Jaxson Hayes, the Longhorns’ 6-11 freshman, made his much-anticipated first start but spent chunks of the game in foul trouble. He finished with four points, four rebounds and two blocks in 16 minutes. Hayes did hit both of his shots, extending his streak to 18 in a row over the last four games.

The Longhorns were typically unimpressive on offensive, shooting 42 percent. They converted only 6-of-21 3-point attempts (28.6 percent).

On one Texas possession early in the second half, 6-9 forward Dylan Osetkowski missed three layups, each time retrieving the rebound. His fourth attempt was blocked by Andres Ibarguen, UT-Arlington’s tallest starter at 6-5.

But the Longhorns did succeed in an area that sometimes enables them to compensate for insufficient offense. Smart said a critical component to winning was deflections on defense. He said after the game, before watching the tape, that he thought the Longhorns had 33 deflections on defense, one more than their regular goal.

“If we get 30 or more, it’s amazing, we average scoring about 20 more points than in games when we are in the 20s,” Smart said. “You might say, ‘what does that have to do with the ball going in?’ But it’s about our juice level, our energy level. When we are able to impact the game on the defensive end, it helps us score.”

Said Mitrou-Long, “I think that’s the one thing we came out and did. We focused on the defensive side more than our offense.”

Edric Dennis led UT-Arlington (4-9) with a season-best 23 points and had eight rebounds. He made six 3-point baskets. Brian Warren scored 12.

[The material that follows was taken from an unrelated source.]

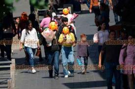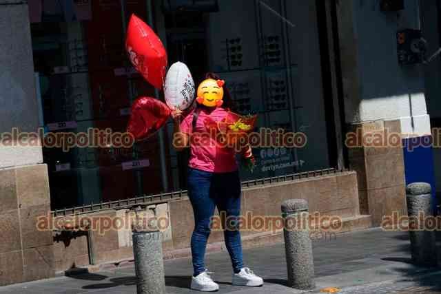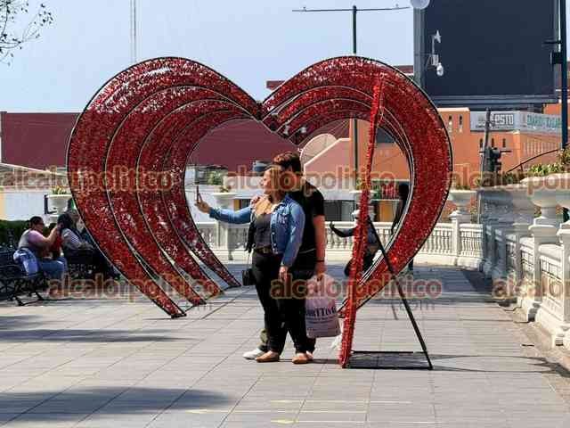Xalapa, Ver., 14 de febrero de 2026.- Ciudadanos aprovechan adornos del parque Juárez para enmarcar recuerdos, mientras que otros ya llevan o recibieron un detalle de su ser querido.
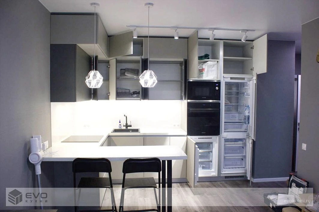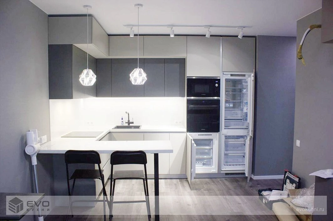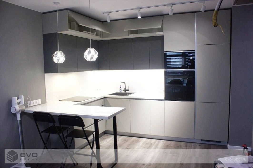 П-образная кухня модерн Оникс пленка/МДФ ЛК200201

First-year coach Chris Ogden, the former Longhorns forward and assistant to Rick Barnes, has a team that lost its top nine scorers from last season.

“We fought them for awhile, but the early part of the second half they stretched on us and beat us to a couple of loose balls, knocked down some shots,” Ogden said. “They separated and it was hard to get it back.”